*** Block opens ***

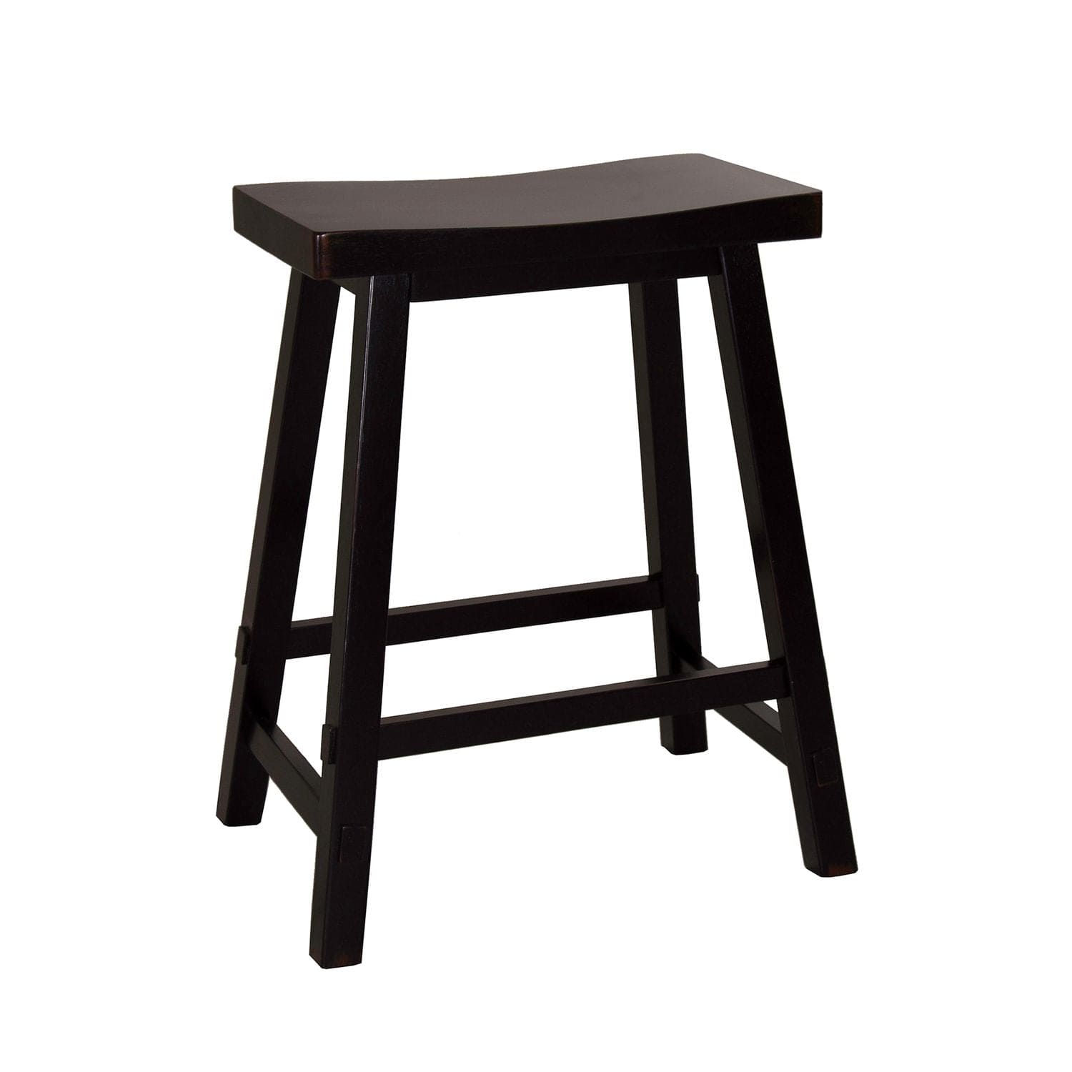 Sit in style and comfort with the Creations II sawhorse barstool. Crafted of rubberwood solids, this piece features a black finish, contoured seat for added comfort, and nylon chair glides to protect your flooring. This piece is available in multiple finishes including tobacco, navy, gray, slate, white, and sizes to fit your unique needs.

*** Block closes ***
*** Block opens ***

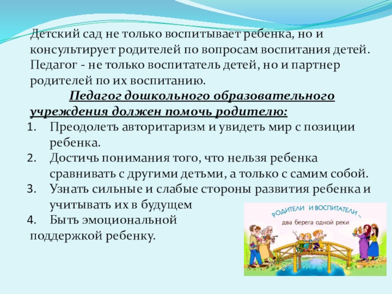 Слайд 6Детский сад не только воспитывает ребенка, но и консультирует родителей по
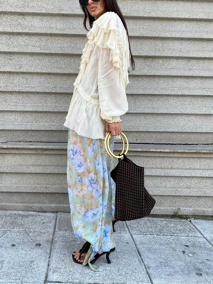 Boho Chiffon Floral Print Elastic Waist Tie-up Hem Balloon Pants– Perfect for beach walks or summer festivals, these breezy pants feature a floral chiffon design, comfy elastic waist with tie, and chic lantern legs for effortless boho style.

*** Block closes ***

■ **Task statement**
Copy needed, without pictures: the lines of the listing above from the line containing "Слайд 6Детский сад" up to and including the line containing "Boho Chiffon Floral", set down exactly.

■ **Exercise answer**
 Слайд 6Детский сад не только воспитывает ребенка, но и консультирует родителей по
 Boho Chiffon Floral Print Elastic Waist Tie-up Hem Balloon Pants– Perfect for beach walks or summer festivals, these breezy pants feature a floral chiffon design, comfy elastic waist with tie, and chic lantern legs for effortless boho style.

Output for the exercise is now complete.